I did want to stop in Hannibal, Missouri, which my mom and her husband had described as quaint and which was the boyhood home of Mark Twain. But that was at least two hours out of St. Louis and we hadn’t eaten breakfast. I stopped at a wayside rest to get some advice on where to eat.
If you’ve never done a road trip in the U.S., wayside rests are located about every 100 miles and have their own freeway exits. They vary from just a gravel parking lot with a pit latrine to a gleaming air conditioned building with vending machines. But there are no museums or gift shops or restaurants. I like them because you can get in and out in five minutes without getting distracted. Usually.
This one in Missouri was the rare wayside rest with an information desk. The woman was very friendly and a font of information. Well, more like a slow-motion geyser. She spoke with a slow southern drawl. “Ya’ll could drive along the river, it’s very picturesque.” She handed me a map of the Scenic River Road. We didn’t have time, sadly, for the scenic route. She highly recommended we take some extra time and go to a small town whose name I can’t remember. She handed me five maps and brochures. Looking at the map now, which town was it? It couldn’t have been Mexico, Paris, or Florida—I would have remembered those.
“It’s a historic town with an absolutely darling downtown and a famous restaurant that serves throwed rolls.” She handed me another brochure and tried to explain what throwed rolls were but I couldn’t get the concept. “It’s only 20 minutes off the interstate. Ya’ll can get cheese grits, and buttered corn bread, and….” Mmmmmm.
People think that providing lots of choices is a good thing, but after 11 days on the road I was done making decisions, even about where to eat.
“We’re kind of in a hurry, I’m afraid, so it’ll have to be somewhere right off the highway.”
She handed me more maps and brochures for restaurants and scenic attractions. She must get mostly retired people who had all the time in the world. Lynn had abandoned me. “I’d better check on my friend,” I lied. “She gets upset if I keep her waiting.”
The info lady looked disappointed. “Just a few more suggestions,” she pleaded. More brochures, more maps. It must get lonely working in a highway wayside rest.
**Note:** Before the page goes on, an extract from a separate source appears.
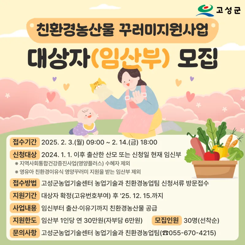 「친환경농산물 꾸러미지원사업」대상자(임산부)를 모집해요!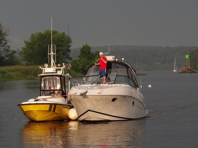 A few weekends later they headed out further than they typically go, to New London. They joked when leaving that if they didn’t come back, to come look for them. The trip out was uneventful; however the trip back became “event #2”. The Thames was busy that day, the day after the huge fireworks display and Todo Bien somehow lost the use of one engine. Limping back toward Old Saybrook and the mouth of the CT River, they kept closer to shore to shorten their traveling distance. Bad idea. Somehow they managed to confirm the location of a charted rock and that took out the second engine. Didn’t hole the boat though. SeaTow brought them back home safe and more than a bit shook up. On Monday the marina work boat came to bring Todo Biento to the travel-lift well and a week later brought her back all shipshape.

“My friend has to catch a flight to London,” I said, backing away as if the flight was imminent.
Meanwhile, I kept getting texts from Air B&B and the Quality Inn urging me to “Write a review of your stay!”
“Do your own marketing,” I muttered. I am definitely happier when I get breakfast.
Lynn insisted she wasn’t hungry, so rather than look like a whining hungry weakling, I drove straight through to Hannibal.
This is a postcard depicting Hannibal:
This is what Hannibal really looked like:
Dilapidated houses, block after block after block. Was this a result of the Great Recession, or a longer term decline? There was no signage directing visitors to a historic district, but by just following the streets downhill, I eventually hit the river front, where a couple natives out for a walk pointed the way.
The downtown was quaint. It consisted of about four blocks of antique stores, a boarded up theater, a couple restaurants, and half a dozen Mark Twain historic sites.
We settled in at Becky Thatcher’s Diner, and the food was fantastic. Really fantastic, not just because I was starving. Lynn had corned beef hash for the first time and I had a huge omelet with potatoes. Neither of us talked much, unless you count “Mmmm” as a word.